5. FP operations was not entirely in London - regulators in USA had jurisdiction
Boyd also shows that, contrary to popular thinking, the questionable CDS underwriting did not occur entirely in London. In fact the senior fellow at the London shop was quite early to question the risks being assumed. Although the actual CDS contracts may have been in London, the key decision makers were in Wilton, CT. So this debunks the theory that US regulators simply were not able to exert any jurisdiction over what was going on (see Theresa Vaughan of NAIC testimony report to Congress).

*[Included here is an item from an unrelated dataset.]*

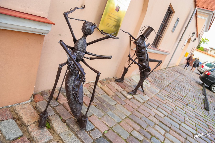 Людмила открыла нам один очень интересный факт. Оказывается, человек, который создал первый в мире мультик, все свое детство провел в Каунасе. Зовут его Владислав Старевич. В честь этого недалеко от ратуши установлена мемориальная доска и скульптуры мультипликационных персонажей. Кстати, прямо на стене любой желающий может посмотреть тот самый первый шедевр.

6. OTS audits failed to catch CSA risk
Although he does not sink to the ultimate cop-out of claiming the AIG's malaise was a "perfect storm," Boyd does try too hard at times to rationalize the shortcomings that could have stopped the madness. For example, he mentions two audits that were conducted by the OTS of the FP agreements, and gives the OTS some credit in finding some problems in the second audit. However, he explains away the challenge of discovering the cancerous CSA provisions embedded within the CDS contracts as being "prohibitive" in terms of the time and effort required to dig into all of FP's contracts. On this point I strongly disagree: A random sample of just a few files could have exposed the presence of these deadly collateral call provisions, and the fact that FP was assuming that there was almost no change of a widespread need for these calls to exercised. The CDS contract files including details of the collateral call provisions could have been shipped in boxes from London, or scanned for electronic review by anyone, anywhere.

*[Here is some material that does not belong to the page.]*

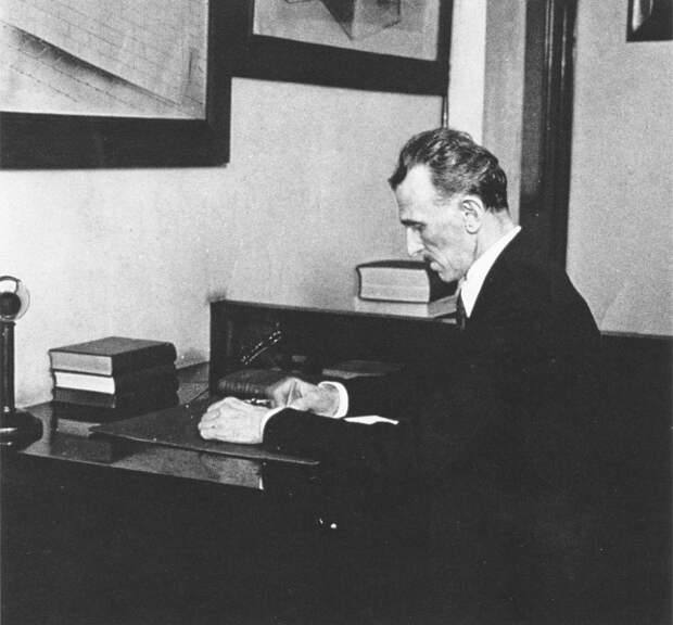 Тесла работает в своем кабинете в 8 West 40th Street. 1916 году

6. Excellent but undeveloped ideas in closing chapters
Although underdeveloped, the narrative argues that the repeal of Glass Steagle by GLB in 1999 was a critical event that fueled the development of CDOs and CDS products as the five investment banks in creased their leverage in an effort to competed with the major bank holding companies. This in turn accelerated the need for these investment bankers to secure their credit risk exposures through the purchase of guarantees from AIG or other insurers (such as AMBAC or MBIA). The final chapter develops this theme, but I would the discussion less than complete. In closing this book, Boyd raised some prescient questions or points that beg further discussion, like why were so many insurers and investment banks given the right to cheap new funding by being allowed to become bank holding companies when this right was not granted to AIG, and also - on a macro level - why it is rational for a country with over 9% unemployment to have a DOW that is around 12,000? Although more could have been said, he leaves the reader with much to consider going beyond the boundaries of the AIG.
To go from good to great, in addition to some editing, this book needs a comprehensive summary chapter tying together all the disparate good ideas and "lessons learned" that are strewn throughout the its 300 plus pages. If it goes to a second edition, Boyd could achieve this goal with a new Introduction or a revised Epilogue.